WHAT IS EXPECTED: Quote the data exactly, first line to the line containing "Porträtt av en", with no pictures.

INPUT DATA:
▬▬▬▬▬▬▬▬▬▬

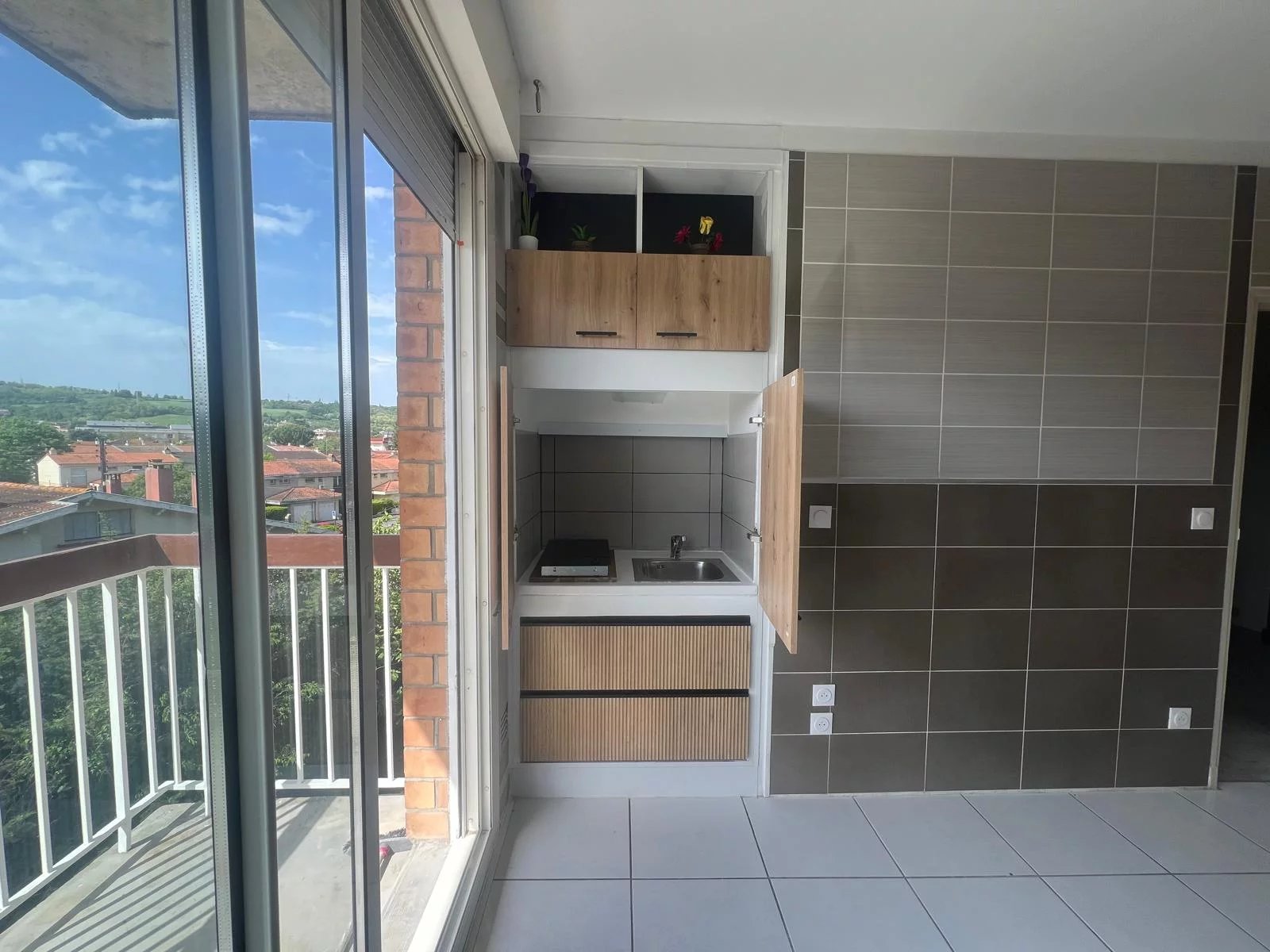 L'appartement se compose d'une entrée avec placard de rangement, d'une pièce à vivre lumineuse avec une kitchenette discrètement dissimulée dans un placard, ainsi que d'un grand balcon exposé est bénéficiant d'une vue dégagée.
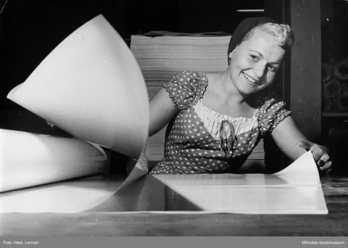 Porträtt av en kvinna som sorterar papper på Papyrus i Mölndal på 1950-talet.
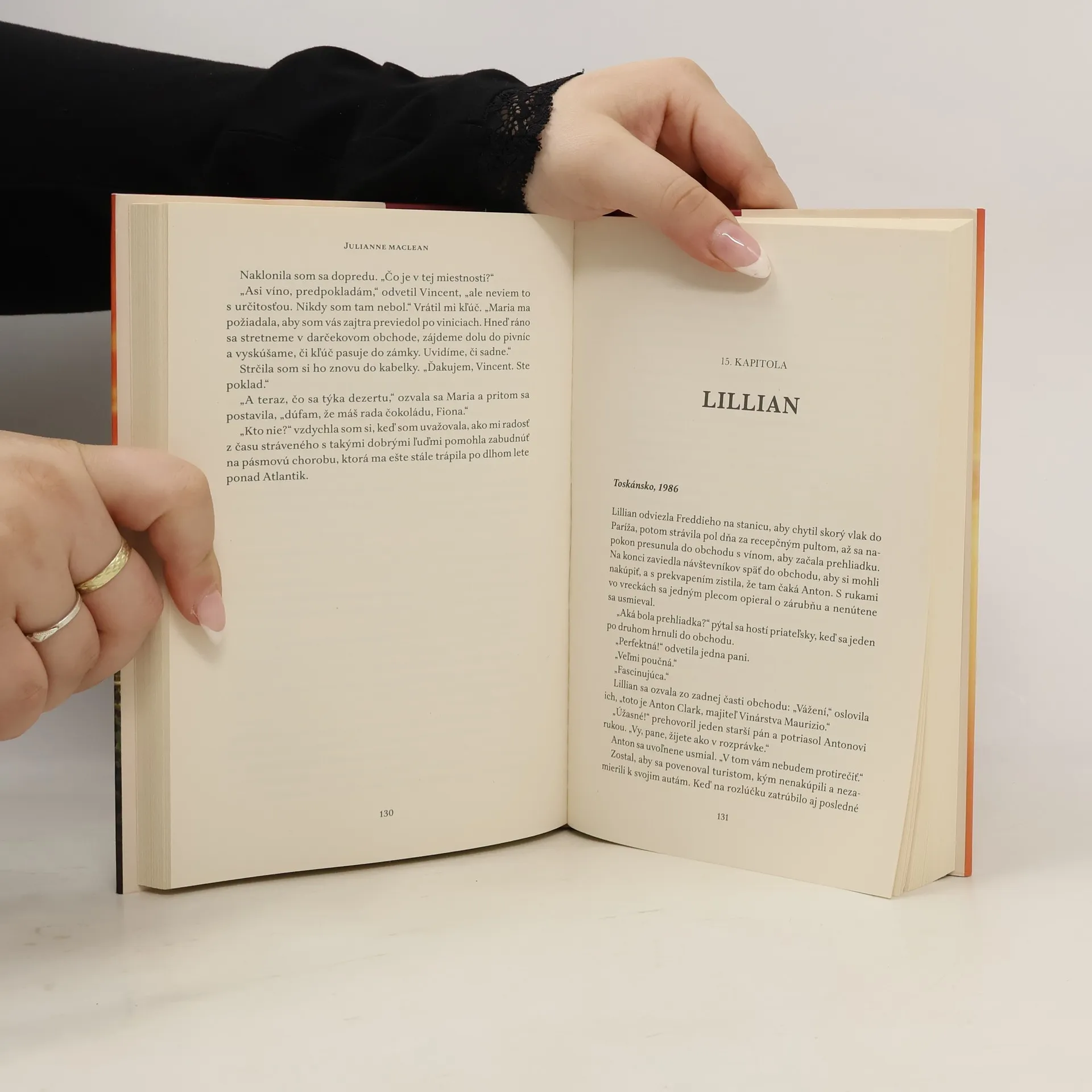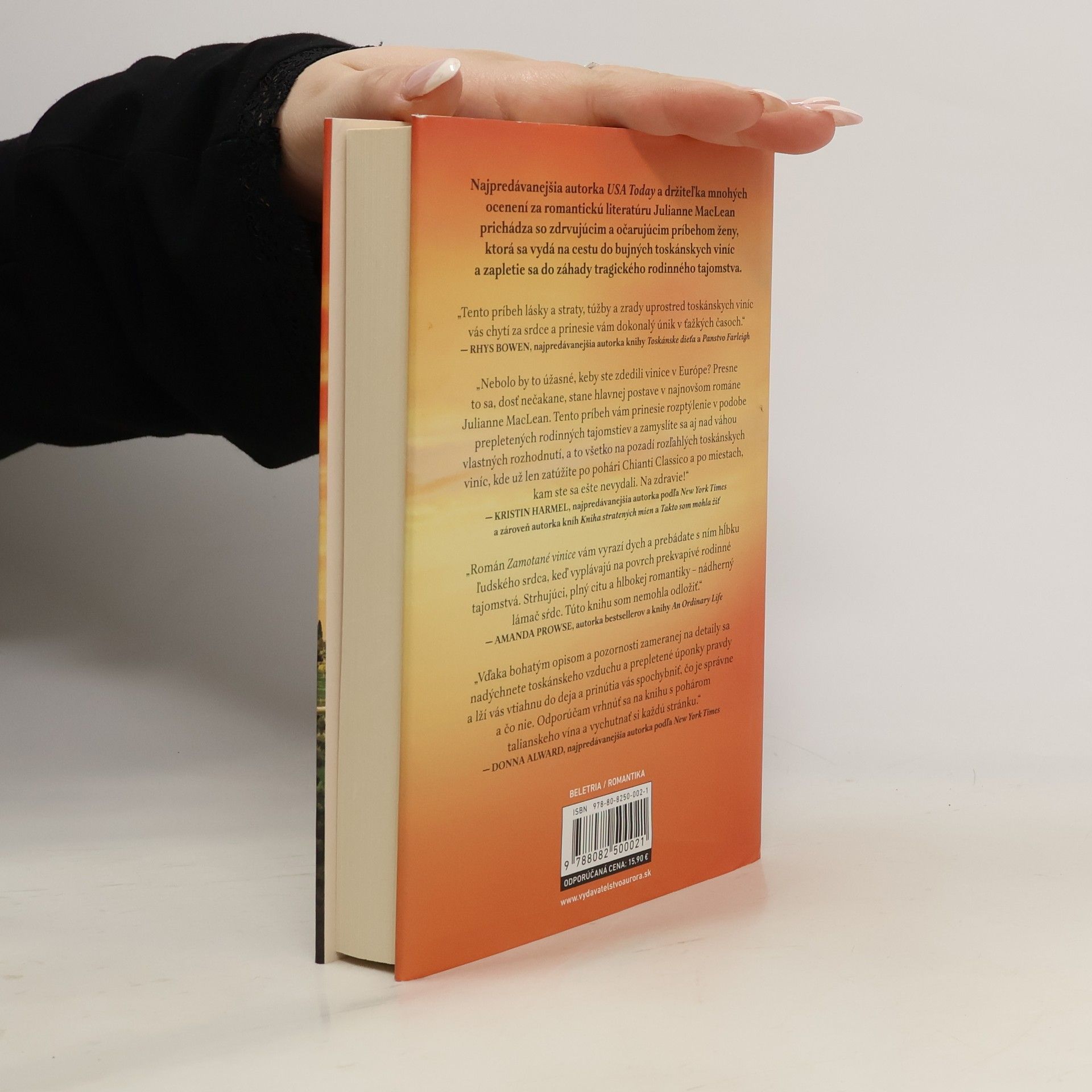 Najpredávanejšia autorka USA Today a ocenená spisovateľka romantickej literatúry Julianne MacLean prináša silný a očarujúci príbeh ženy, ktorá sa vydáva na cestu do toskánskych viníc a odhaľuje tragické rodinné tajomstvo. Fiona sa naučila udržiavať tajomstvá, najmä to, ktoré sa týka ľúbostného romániku jej matky pred tridsiatimi rokmi v Toskánsku. Keď jej právnička oznámi, že jej biologický otec zomrel a zanechal jej dedičstvo, Fiona sa ocitne v Taliansku, kde šokuje otcovu rodinu a vyvoláva napätie medzi nevlastnými súrodencami, ktorí sa snažia poprieť jej právo na podiel v dedičstve. Zatiaľ čo sa odhaľuje záhada matkinej aféry, Fiona čelí zložitým rodinným vzťahom a rivalite. Napriek strachu túži prijať svoj nový osud a hľadá pravdu o osudnom lete, ktoré jej mama strávila s otcom, ktorého nikdy nepoznala. Román je plný toskánskej romantiky a chutí, ponúkajúci srdcervúcu jazdu láskou, tajomstvami, odvahou a pravým zmyslom rodiny. Po vydaní sa kniha stala hitom medzi čitateľkami a získala popredné miesto medzi najpredávanejšími elektronickými knihami na Amazone.

▬▬▬▬▬▬▬▬▬▬

REPLY TO THE EXERCISE:
 L'appartement se compose d'une entrée avec placard de rangement, d'une pièce à vivre lumineuse avec une kitchenette discrètement dissimulée dans un placard, ainsi que d'un grand balcon exposé est bénéficiant d'une vue dégagée.
 Porträtt av en kvinna som sorterar papper på Papyrus i Mölndal på 1950-talet.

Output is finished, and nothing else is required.